The stc file contains a statistical summary of the estimated transition counts related to the target location, which is Hunan, and a table of the actual counts. To plot a simple graph, we will pick up the transitions to Hunan in the next command and then save the graph as a PNG file. The counts will be normalized into probabilities.

The x-axis represents the number of estimated transitions in all migration events from one particular location to another, separated by “=>”, and the y-axis represents the probability, which is normalized from the total counts.
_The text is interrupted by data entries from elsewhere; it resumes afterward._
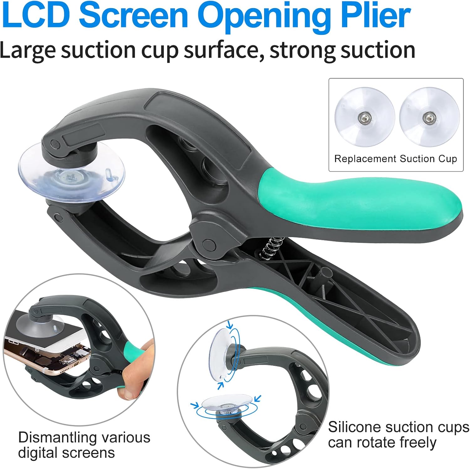 - 【Opening Lcd Screen Suction Cup Plier】This handy tool allows you to open and remove the LCD screens of mobile phones, smartphones, tablets, laptops and more to assist in repairing broken devices.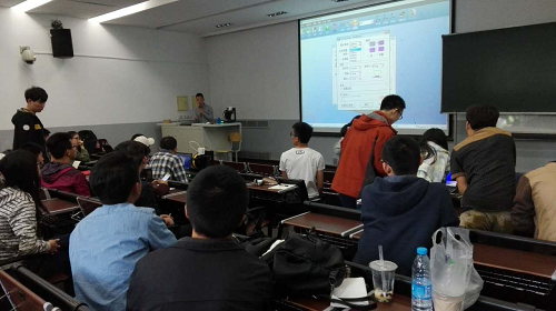 在培训会开始,专业技术人员先为同学们进行了3D打印技术知识普及,为大家介绍了3D打印金属的起源、定义、打印原理、打印类别等;随后,工程师以一个打印实例为同学们详细讲解了3D打印技术的步骤,并将他们带来的4台3D打印机与同学们的笔记本连接,为同学们演示一个金属托盘的3D打印过程,各种参数的调配设置;最后,工程师还向同学们介绍了打印过程中的注意事项以及可能出现的问题。在培训会的最后环节,到场的同学们现场操作3D打印技术,伴随着一阵嗡嗡声,机械喷头开始不停移动,一件做工精细的塑料模型很快就打印了出来,这让同学们惊叹于3D打印技术的魅力。近2个小时的培训在同学们充满兴趣的学习中圆满完成。
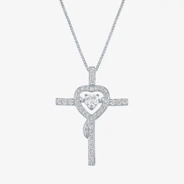 Womens Lab Created White Sapphire Sterling Silver Cross Heart 18 Inch Pendant Necklace
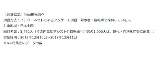 au損害保険(au損保)は、全国の自転車を利用している男女を対象に電動アシスト付自転車の保有率や利用実態を調査した。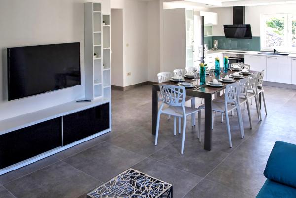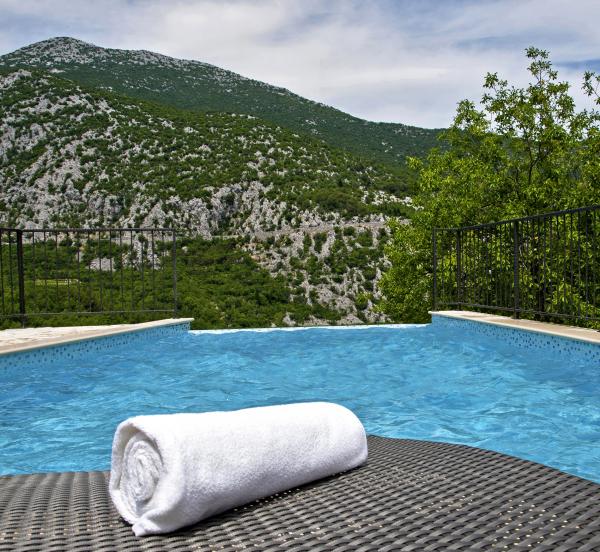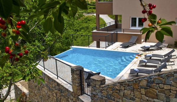 Moderno opremljena vila z overflow bazenom, notranji bazen in spa omamljanjem poglede na potoku in gore. Nahaja se v naselju Smolonje v zaledju Omiša in 15-20 minut od centra mesta. Vila je sestavljena iz pet spalnic in pet kopalnic in ponuja popolno udobje za 10 oseb in dveh otrok. V pritličju je garaža za en avtomobil in soba z namiznim tenisom in WC. Hiša ima parkirišče za dve vozili. V prvem nadstropju prevladuje dnevno sobo z udobno kuhinjo in jedilnico za 12 oseb, in dnevno sobo z LCD TV. Prostorna terasa z mizo in stoli za 4 osebe. Dve spalnici in dve kopalnici. Na drugem nadstropju so tri spalnice in tri kopalnice. Prostor za sprostitev z masažna kad za 4 osebe, talno ogrevanje, tušem in velik balkon. Vse sobe so v celoti klimatiziran. Zunanji del velikega prostora z žarom, mizo in stoli, 6 stolov, prelivni bazen 27m2.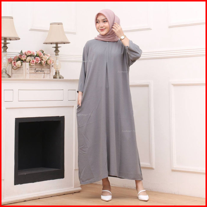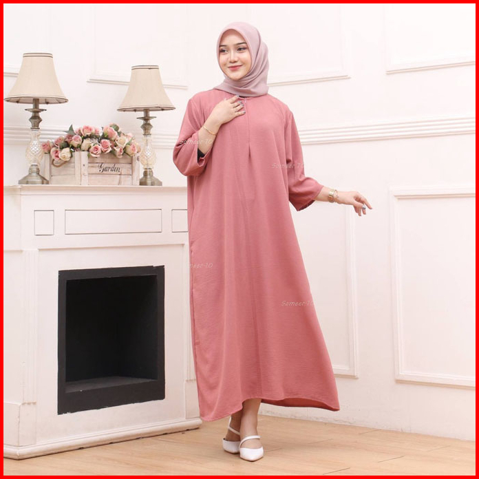 Daster Gamis Crinkle Polos Lengan 3 4 Busui Kekinian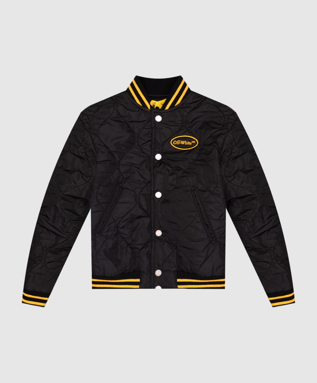 Дитячий стьобаний чорний бомбер з вишивкою логотипа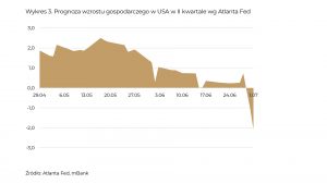 Wynika to z diametralnego pogorszenia się oczekiwań odnośnie wzrostu gospodarczego. Oddział Rezerwy Federalnej z Atlanty stara się na bieżąco modelować prognozy wzrostu gospodarczego. Jak to działa? W zasadzie codziennie przychodzą jakieś dane, a Atlanta Fed „wrzuca” je do swojego ekonometrycznego modelu i publikuje uaktualnioną prognozę na bieżący kwartał. Wykres 3 prezentuje trajektorię prognoz na II kwartał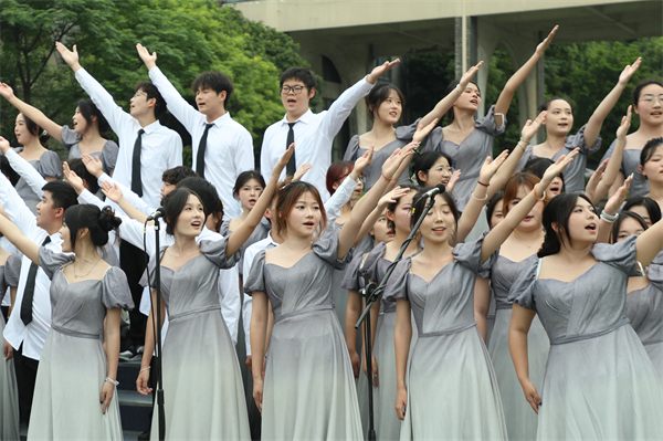 时尚设计学院用歌声向祖国“告白”。骆雨琴 周佩 摄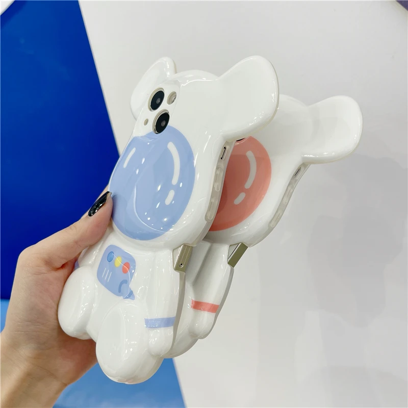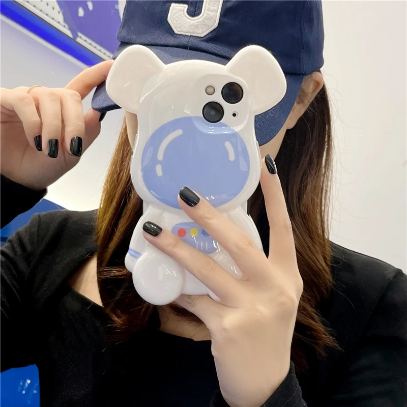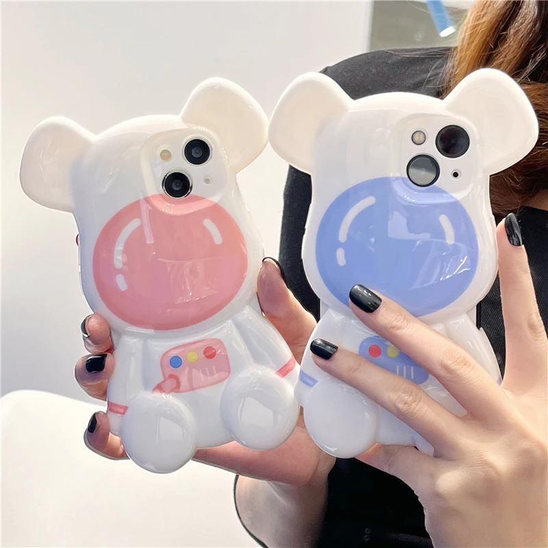 Cute Cartoon 3D Astronaut Bear Camera Protection Case for iPhone 13 12 11 Pro Max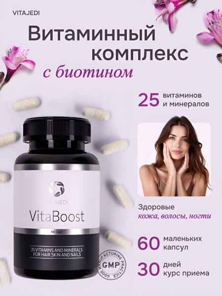 VITAJEDI VitaBoost is a comprehensive multivitamin complex specifically designed to promote youthful vitality and radiant health. Formulated with biotin (vitamin B7), this powerful blend targets hair, skin, and nail health, delivering noticeable results.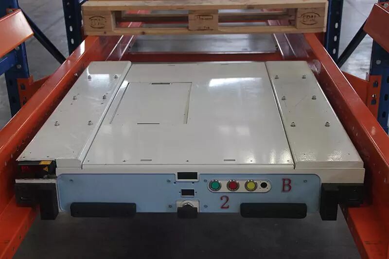 无线电控穿梭车是一种可在货架内部独立运作,无需叉车进入货架内部巷道的自动化仓储设备。操作者通过遥控器传输指令,操控穿梭车在货架轨道内完成所有存储动作。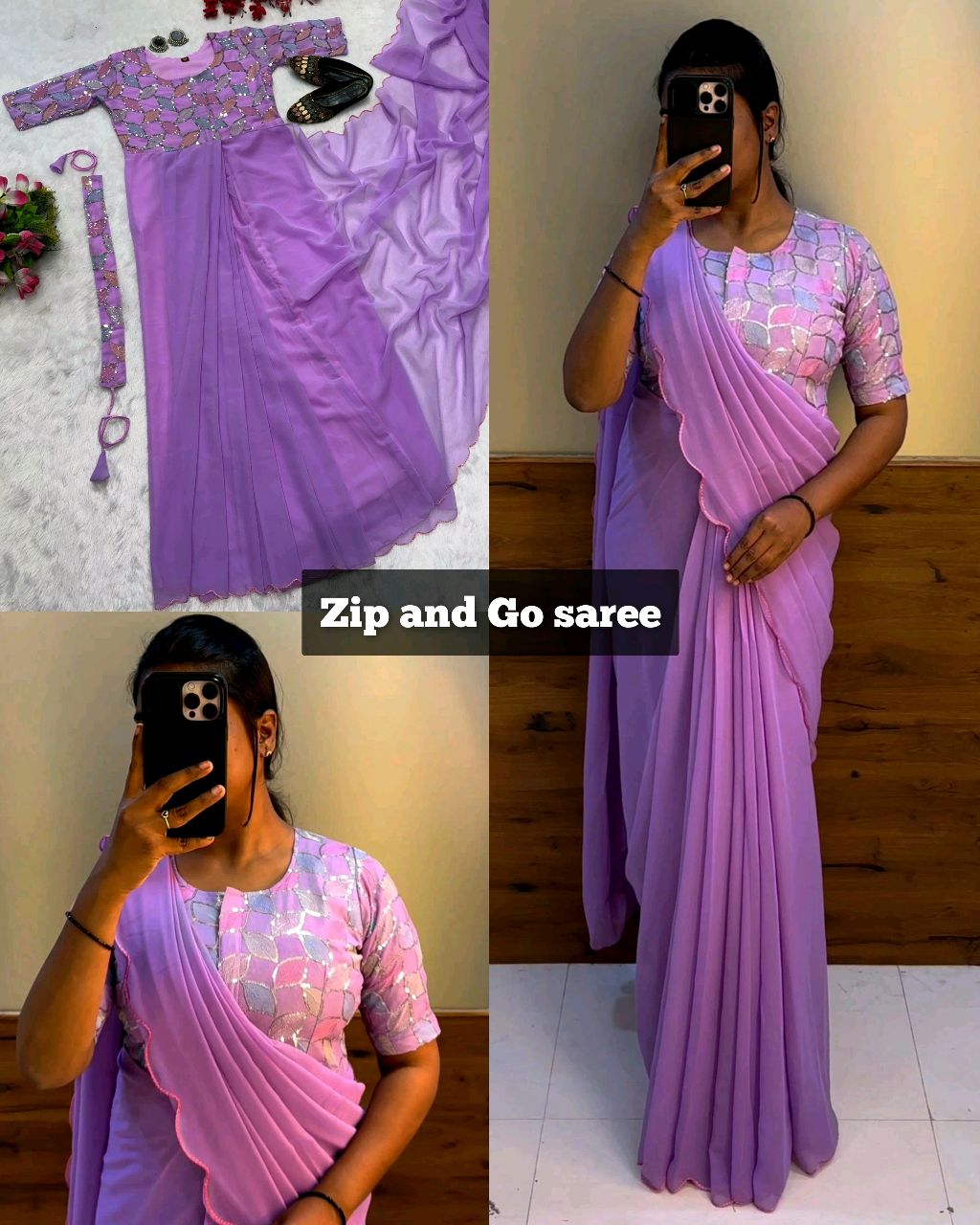 Zip and Go saree 🔸Fabric: Faux Gorgette 🔸Work:Embroidery 4 Sequence 🔸Work&Border Aarka Work 🔸Length:55-57 🔸Duppata Length:2.5 MTR 🔸BUST SIZE : XS – 34, S – 36, M – 38 in, L – 40 in, XL – 42, XXL – 44, XXXL – 46
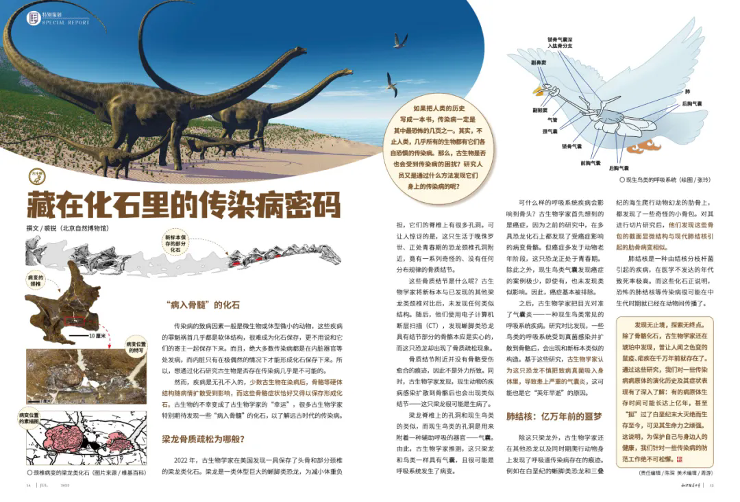 不止人类,几乎所有生物都有各自的传染病,古生物也可能受传染病困扰,但病原体多为软体结构,难成化石,仅骨骼等硬体结构偶能留存,古生物学家借此研究远古传染病。2022年发现的梁龙化石有奇怪骨质结节,经对比和CT扫描,排除癌症后,确定其气囊因真菌感染引发呼吸道疾病,这也是它“英年早逝”的原因。
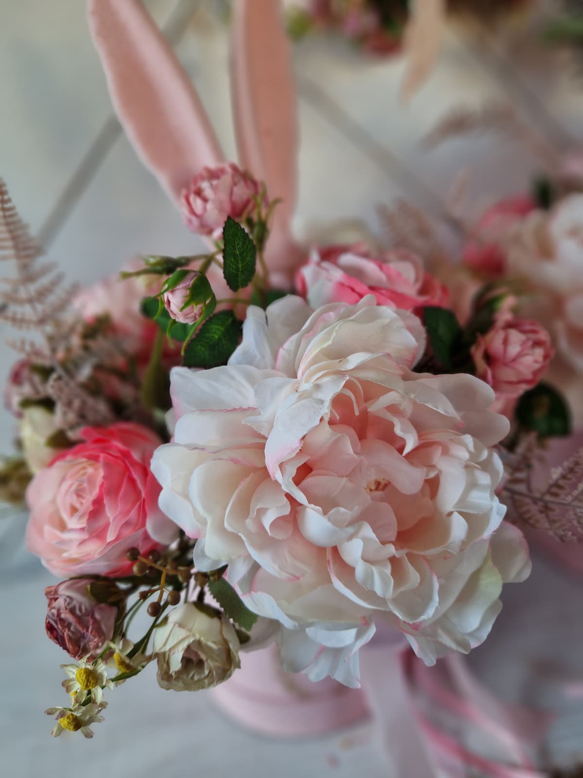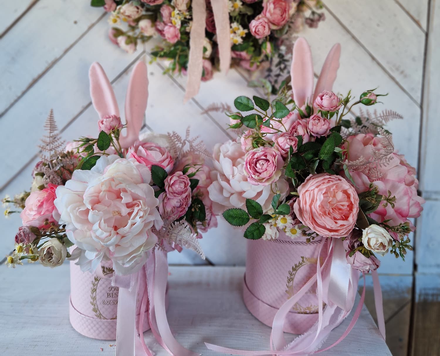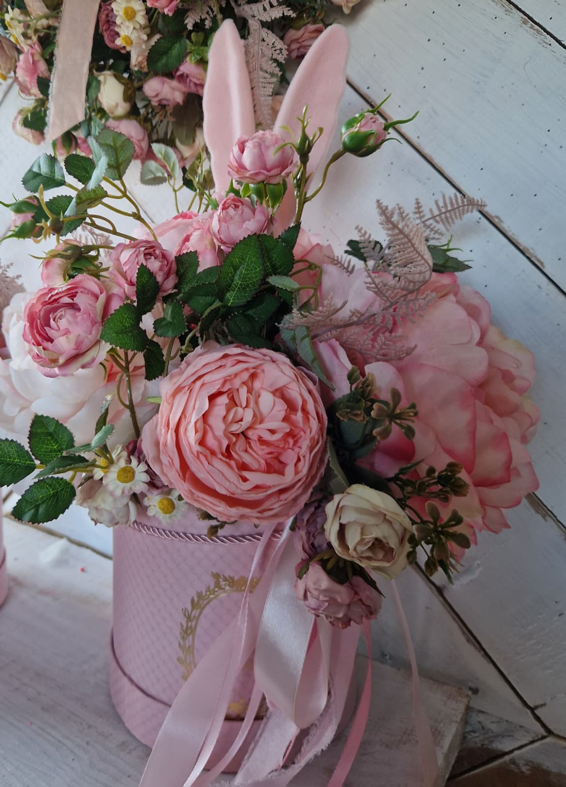 Charakterystycznym elementem dekoracji są urocze, aksamitne uszka zajączka, które nadają całości wielkanocnego charakteru i sprawiają, że kompozycja staje się wyjątkową ozdobą domu lub eleganckim prezentem na święta.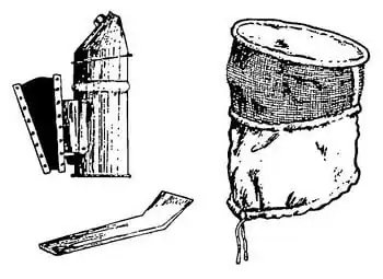 A beekeeper uses a smoker to produce cool smoke to calm the bees. The smoker consists of a fuel box containing smouldering fuel (for example dried cow dung, hessian, or cardboard) with a bellows attached. The beekeeper puffs a little smoke near the entrance of the hive before it is opened, and gently smokes the bees to move them from one part of the hive to another.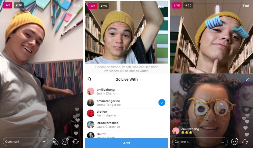 Nouveauté Instagram : faire un live avec un ami en écran partagé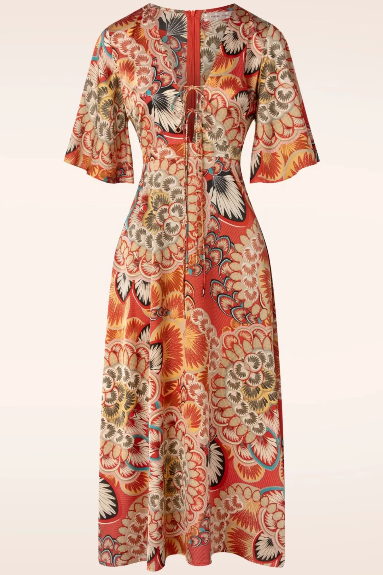 Zeige Den Glamourösen Hippie, Der In Dir Schlummert Mit Diesem 70Er Little Lies Kleid In Rot! Mit Diesem Feschen Kleid Erlebst Du Die Stylischen 70Er Noch Einmal! Das Wunderschöne. Farbenfrohe Boho Muster, Die Kurzen Schmetterlingsärmel, Der Tiefe V-Ausschnitt Mit Bindebändern Und Der Etwas Ausgestellte Maxi Rock Verleihen Dem Kleid Einen Ganz Besonderen Look. Hergestellt Aus Einem Luftigen, Angenehm Fallenden Roten Stoff (Stretcht Nicht!) Mit Einem Hauch Von Seide. Fühle Dich Wie Eine Lucky Boho Lady Und Heiße Die Neue Saison Voller Style Willkommen Mit Dieser Beauty !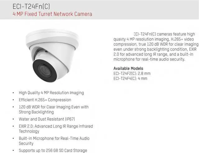 4MP Fixed Turret Network IP Camera. Efficient H.265+ compression technology. Clear imaging even with strong back lighting due to 120 dB WDR. EXIR 2.0: advanced infrared technology with long IR range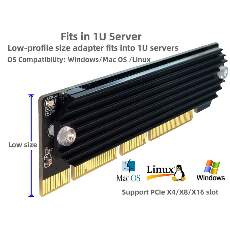 - NVMe PCIe Adapter Supports PCI-Express X4, X8, X16 slots, With aluminum heatsink.

From the graph, we can observe that “Guangxi => Hunan” (in blue) has a higher probability than other migration events. This type of visualization quantifies the uncertainty in how the disease (H5N1) spreads between locations of interest, as simulated from your model and given the data. For more details and visualizations, you can refer to the work of Douglas et. al. 2020.

Visualizing phylogeographic diffusion

To analyze and visualize phylogeographic reconstructions resulting from Bayesian inference of spatio-temporal diffusion based on the Bielejec et al., 2011 method, we can use a software called spread.

Please note it requires Java 1.8. If you run into any issues or need support, don’t hesitate to check out our Tech Help page.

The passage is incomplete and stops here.